→ Exercise aim
Before anything else, drop the pictures; then return exactly the lines from the top of the listing through the line with "Memory Seat And".

→ Given material
....................

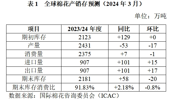 3月,據(jù)國際棉花咨詢委員會(ICAC)預(yù)測,2023/24年度全球棉花產(chǎn)量2431萬噸,環(huán)比調(diào)減17萬噸;棉花消費(fèi)量2375萬噸,環(huán)比調(diào)減1萬噸;期末庫存2181萬噸,環(huán)比調(diào)減20萬噸;棉花庫存消費(fèi)比91.83%,環(huán)比調(diào)減0.8個百分點(diǎn)。其中調(diào)增中國消費(fèi)量30萬噸、進(jìn)口量25萬噸,調(diào)增巴西、美國出口量21萬噸、4萬噸。
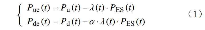 式中:Pue(t) 為儲(chǔ)能納入機(jī)組組合后時(shí)刻t常規(guī)電源調(diào)節(jié)上限;Pu(t) 為時(shí)刻t常規(guī)電源調(diào)節(jié)范圍上限;Pde(t) 為儲(chǔ)能納入機(jī)組組合后時(shí)刻t常規(guī)電源調(diào)節(jié)范圍下限;Pd(t) 為時(shí)刻t常規(guī)電源調(diào)節(jié)范圍下限;PES(t) 為時(shí)刻t儲(chǔ)能放電功率;λ(t) 為儲(chǔ)能等效置換常規(guī)機(jī)組的容量與儲(chǔ)能放電功率的比值;α 為常規(guī)機(jī)組最小技術(shù)出力與額定容量的比值。
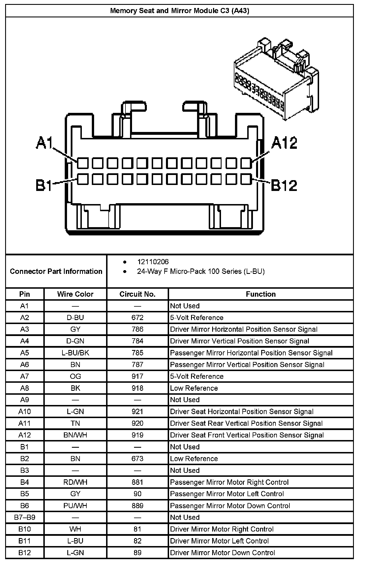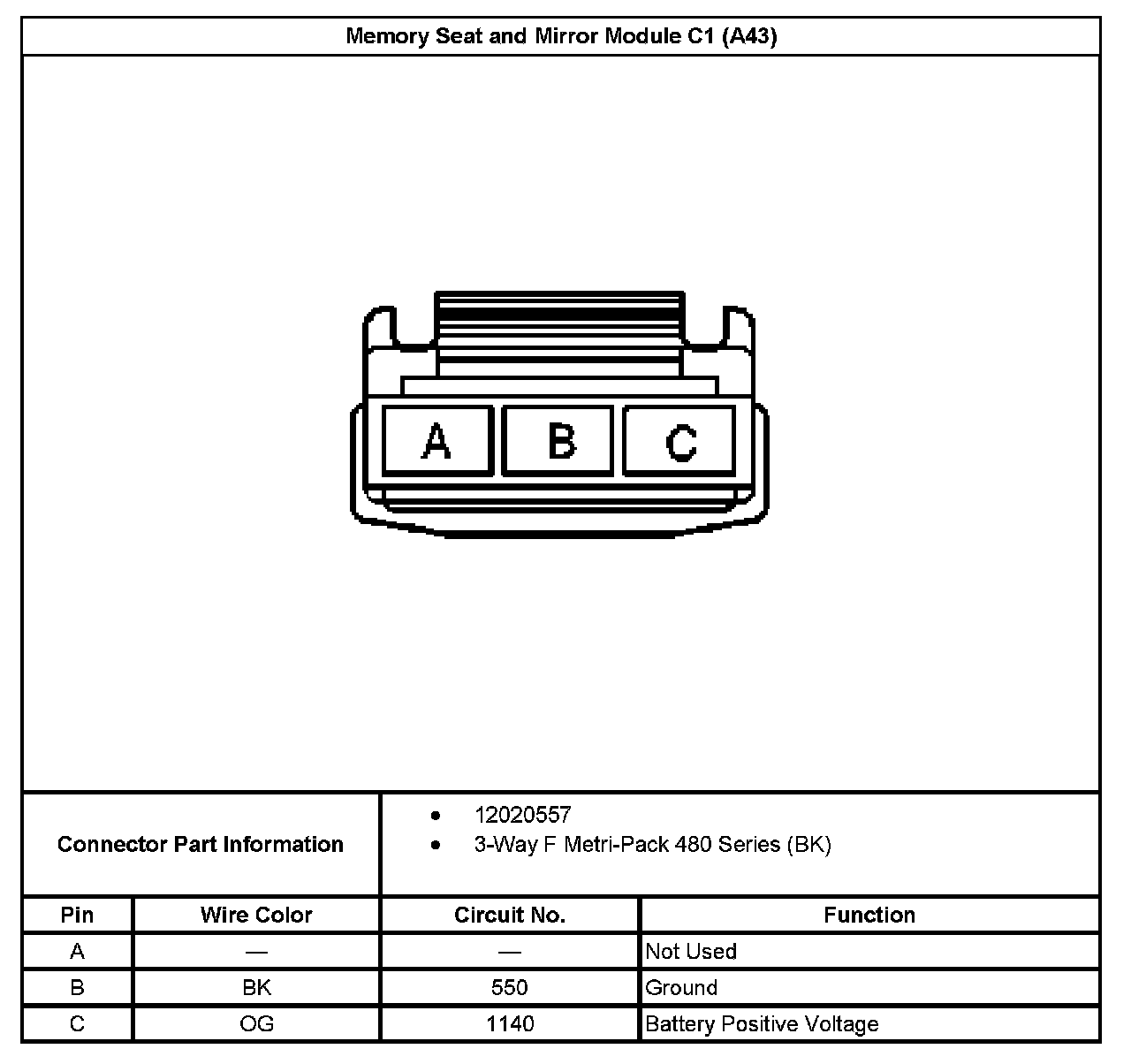 Memory Seat And Mirror Module C3 (With RPO Code A43):
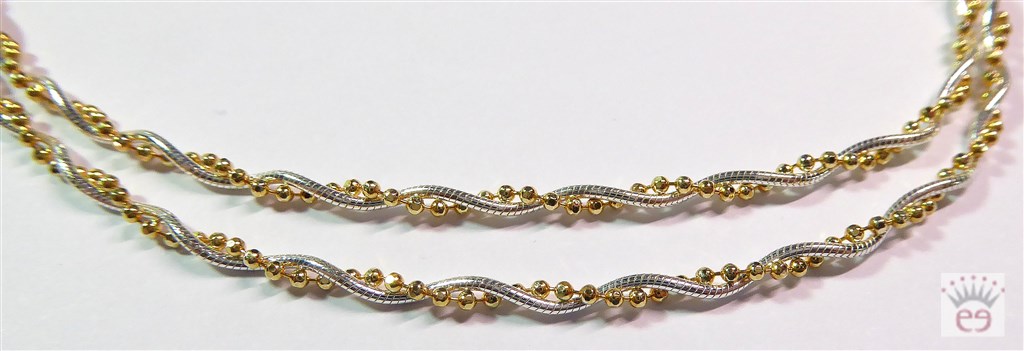 Zweireihige, ineinander verschlungene Silberkette bestehend aus einer Schlangenkette in Silber und einer Kugelkette in Silber vergoldet.

....................

→ Completed task
 3月,據(jù)國際棉花咨詢委員會(ICAC)預(yù)測,2023/24年度全球棉花產(chǎn)量2431萬噸,環(huán)比調(diào)減17萬噸;棉花消費(fèi)量2375萬噸,環(huán)比調(diào)減1萬噸;期末庫存2181萬噸,環(huán)比調(diào)減20萬噸;棉花庫存消費(fèi)比91.83%,環(huán)比調(diào)減0.8個百分點(diǎn)。其中調(diào)增中國消費(fèi)量30萬噸、進(jìn)口量25萬噸,調(diào)增巴西、美國出口量21萬噸、4萬噸。
 式中:Pue(t) 為儲(chǔ)能納入機(jī)組組合后時(shí)刻t常規(guī)電源調(diào)節(jié)上限;Pu(t) 為時(shí)刻t常規(guī)電源調(diào)節(jié)范圍上限;Pde(t) 為儲(chǔ)能納入機(jī)組組合后時(shí)刻t常規(guī)電源調(diào)節(jié)范圍下限;Pd(t) 為時(shí)刻t常規(guī)電源調(diào)節(jié)范圍下限;PES(t) 為時(shí)刻t儲(chǔ)能放電功率;λ(t) 為儲(chǔ)能等效置換常規(guī)機(jī)組的容量與儲(chǔ)能放電功率的比值;α 為常規(guī)機(jī)組最小技術(shù)出力與額定容量的比值。
 Memory Seat And Mirror Module C3 (With RPO Code A43):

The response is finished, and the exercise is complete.